* Extracted records:
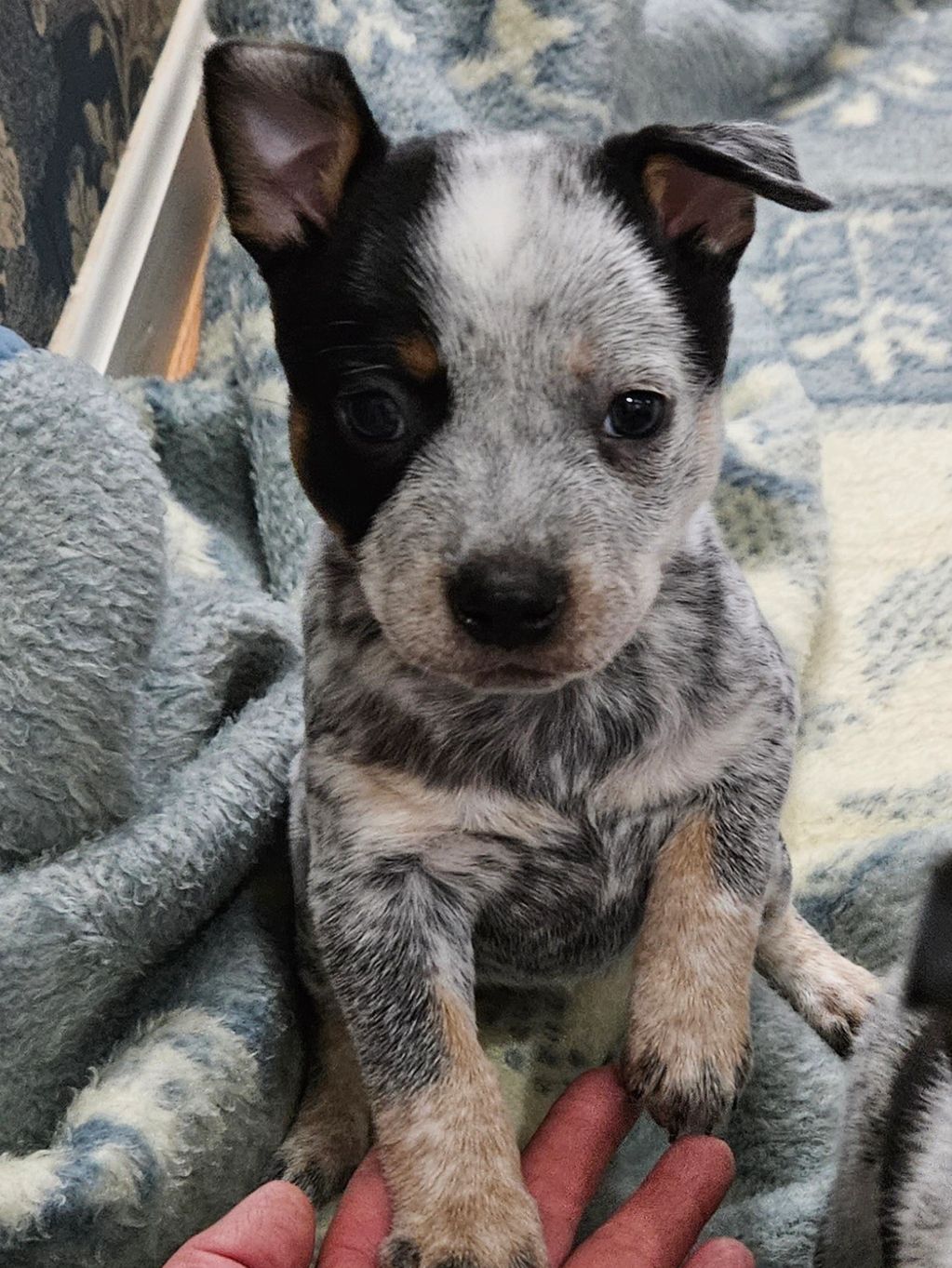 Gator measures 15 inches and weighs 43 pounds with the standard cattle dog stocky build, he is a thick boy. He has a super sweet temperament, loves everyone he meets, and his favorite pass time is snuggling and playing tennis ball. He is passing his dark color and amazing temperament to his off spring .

* * *

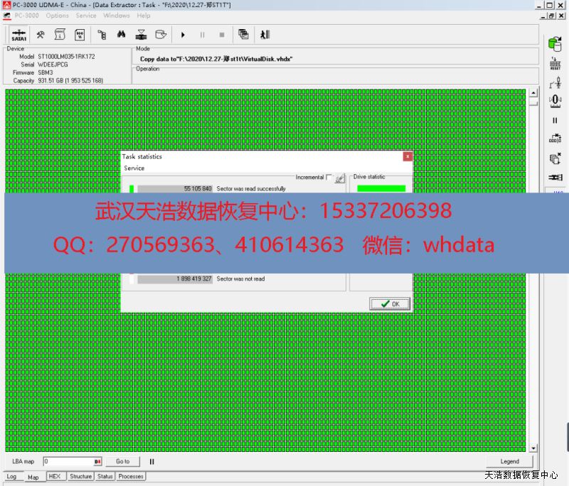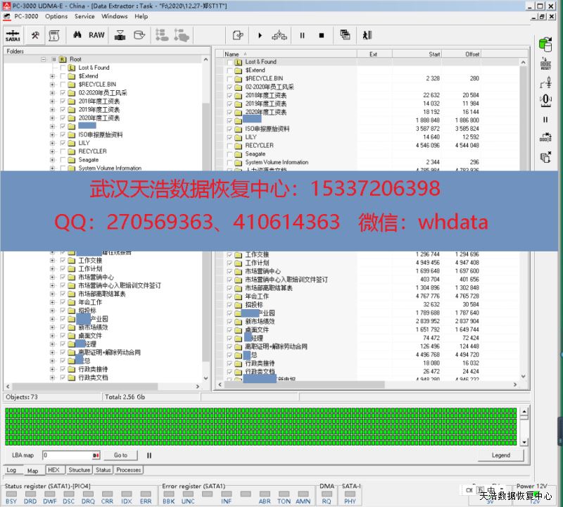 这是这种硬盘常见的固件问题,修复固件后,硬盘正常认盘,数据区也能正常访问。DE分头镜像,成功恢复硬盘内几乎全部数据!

==

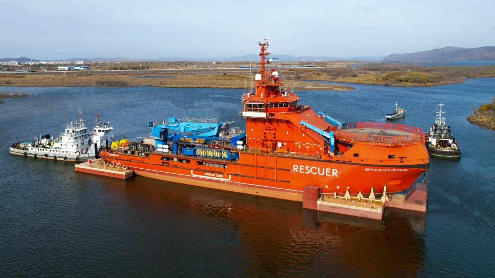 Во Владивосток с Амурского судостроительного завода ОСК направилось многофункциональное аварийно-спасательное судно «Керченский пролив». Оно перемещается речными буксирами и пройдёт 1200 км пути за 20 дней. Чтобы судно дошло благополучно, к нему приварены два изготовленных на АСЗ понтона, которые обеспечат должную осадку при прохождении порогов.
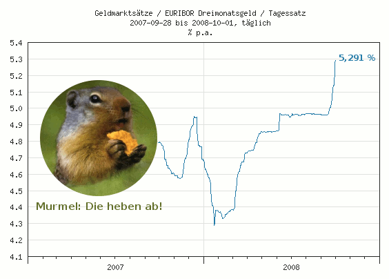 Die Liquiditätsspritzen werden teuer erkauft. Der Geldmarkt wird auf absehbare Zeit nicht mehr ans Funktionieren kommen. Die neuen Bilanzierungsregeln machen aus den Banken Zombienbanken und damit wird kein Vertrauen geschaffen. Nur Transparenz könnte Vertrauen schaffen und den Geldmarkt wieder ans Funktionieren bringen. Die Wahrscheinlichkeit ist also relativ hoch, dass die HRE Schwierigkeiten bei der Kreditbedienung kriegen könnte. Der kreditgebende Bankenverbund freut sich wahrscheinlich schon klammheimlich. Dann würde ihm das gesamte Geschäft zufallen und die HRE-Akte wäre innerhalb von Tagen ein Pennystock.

* Exercise aim: In the entries above, find the line containing "Во Владивосток с" and the line containing "Die Liquiditätsspritzen werden", then copy both and every line between them exactly, without any picture.

* Problem solution:
 Во Владивосток с Амурского судостроительного завода ОСК направилось многофункциональное аварийно-спасательное судно «Керченский пролив». Оно перемещается речными буксирами и пройдёт 1200 км пути за 20 дней. Чтобы судно дошло благополучно, к нему приварены два изготовленных на АСЗ понтона, которые обеспечат должную осадку при прохождении порогов.
 Die Liquiditätsspritzen werden teuer erkauft. Der Geldmarkt wird auf absehbare Zeit nicht mehr ans Funktionieren kommen. Die neuen Bilanzierungsregeln machen aus den Banken Zombienbanken und damit wird kein Vertrauen geschaffen. Nur Transparenz könnte Vertrauen schaffen und den Geldmarkt wieder ans Funktionieren bringen. Die Wahrscheinlichkeit ist also relativ hoch, dass die HRE Schwierigkeiten bei der Kreditbedienung kriegen könnte. Der kreditgebende Bankenverbund freut sich wahrscheinlich schon klammheimlich. Dann würde ihm das gesamte Geschäft zufallen und die HRE-Akte wäre innerhalb von Tagen ein Pennystock.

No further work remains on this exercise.